### THE DATA
◇ ◇ ◇ ◇ ◇

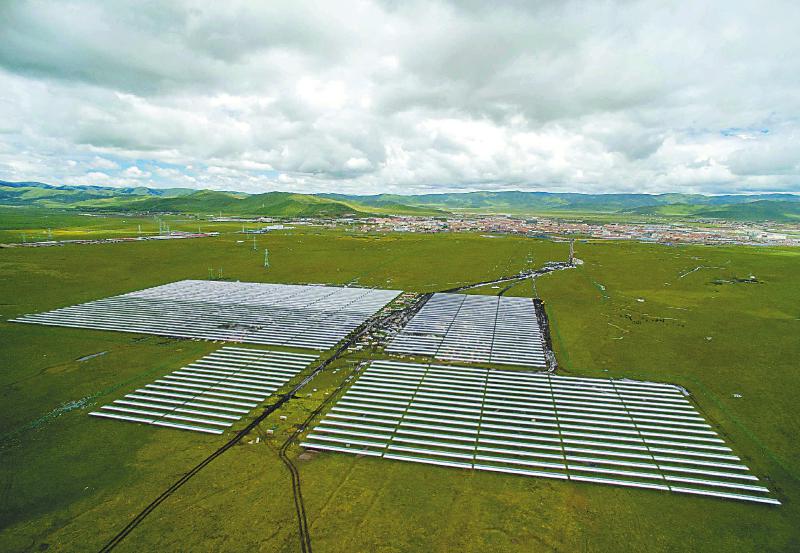 已建成投產的紅原縣花海光伏電站是全球首座高原高效光伏電站,實現了生態環保與清潔能源生產的有機結合。
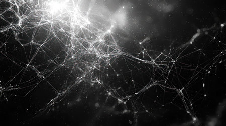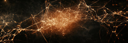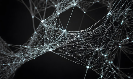 A dark, abstract image showcases a complex network of glowing, interconnected lines and nodes, resembling a neural pathway or digital circuit, set against a blurred, dark background.
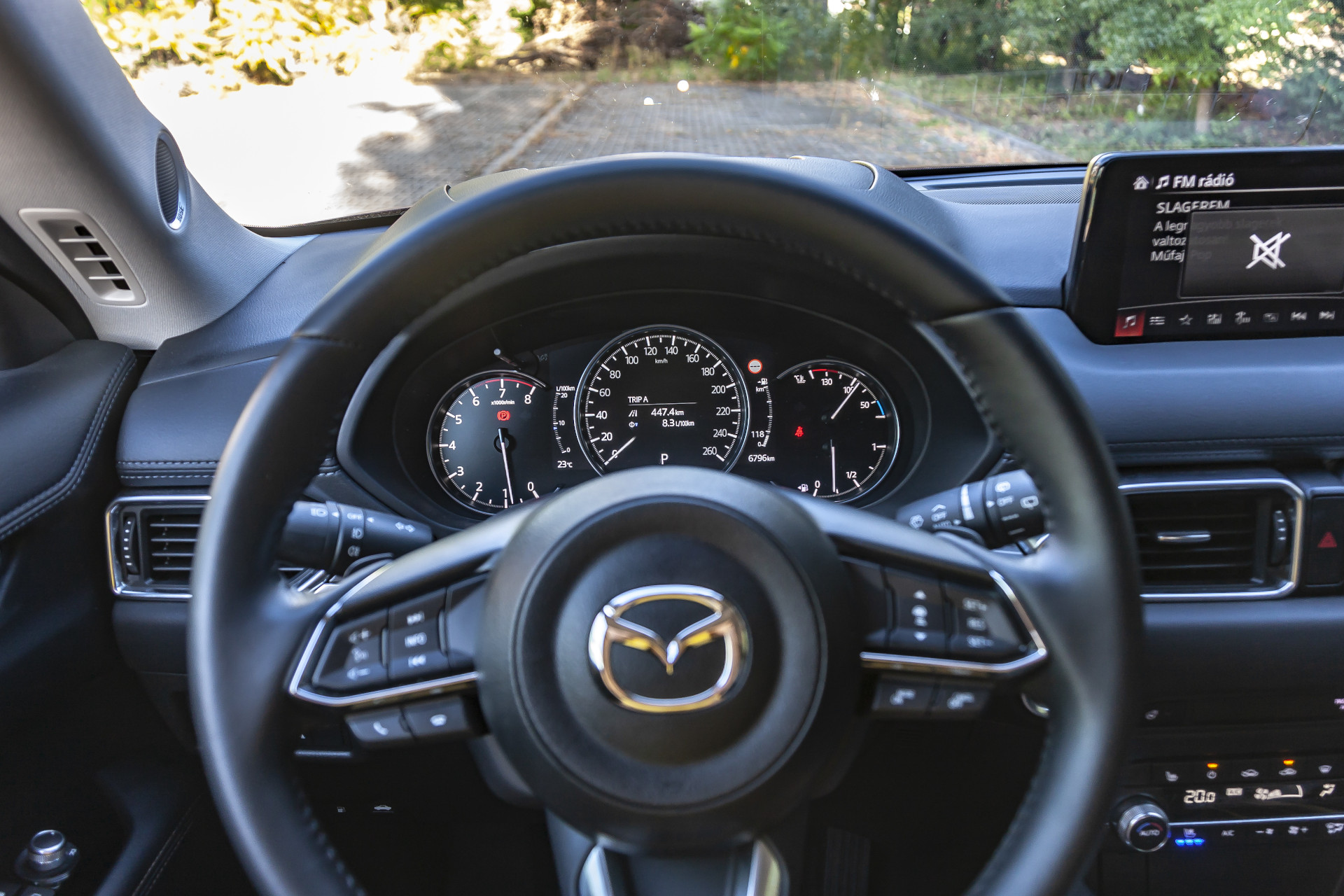 A túlbuzgó hozzáállás viszont az egész autóra jellemző. Ahogy korábban az új Hármas esetében is, a városi fékasszisztens egy alkalommal úgy gondolta, hogy „besegít” a CX-5 állóra fékezésébe. Idős utasaink igencsak meglepődtek a brutális fékerőn. Persze vitán felül áll, hogy jelentősen hozzájárul a balesetmentes közlekedéshez, és a rendszer ezentúl éjszaka is felismeri a járókelőket. Parádésan tette a dolgát az adaptív tempomat is, egy alkalommal Nagymarosról hazafelé egy hosszabb szakaszon rábíztuk a „vezetést”. Természetesen a figyelmünk nem lankadt, azonban szomorúan kellett nyugtáznunk, hogy nemhogy nem kellett beavatkoznunk, de precízebben tette a dolgát, mint mi. Figyelmet érdemel még az új G-Vectoring Control Plus rendszer is, ami elsősorban kanyarokban fokozza az irányíthatóságot, valamint stabilitást. Azonban a Mazda CX-5 futóműve annyira kiegyensúlyozott és olyan bőséges tartalékokkal rendelkezik, hogy egy közepesen megfontolt járművezető még a számtalan hárombetűs biztonsági háló nélkül sem tudná kihozni a sodrából.
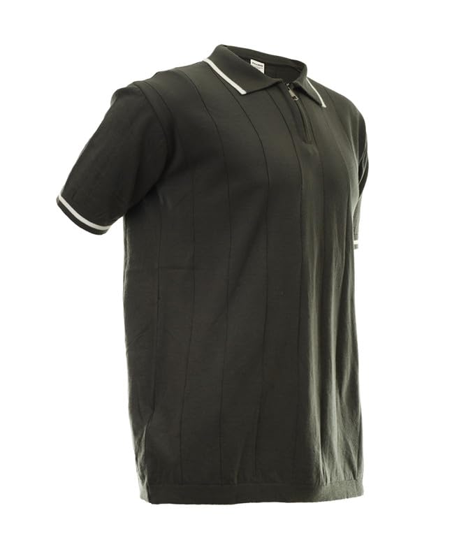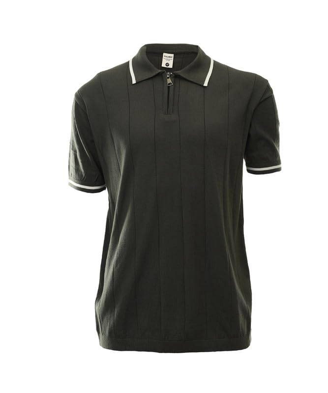 A TO H - تيشرت قطن تريكو بقصة ضيقة ورقبة بولو نصف سوستة واكمام قصيرة للرجال من اتوه - ATOH-001-P

◇ ◇ ◇ ◇ ◇

### WHAT IS REQUIRED
All lines from the first in the listing above to the line containing "A dark, abstract", inclusive, go in the output exactly as they are; no pictures go in.

### RESULT BELOW
 已建成投產的紅原縣花海光伏電站是全球首座高原高效光伏電站,實現了生態環保與清潔能源生產的有機結合。
 A dark, abstract image showcases a complex network of glowing, interconnected lines and nodes, resembling a neural pathway or digital circuit, set against a blurred, dark background.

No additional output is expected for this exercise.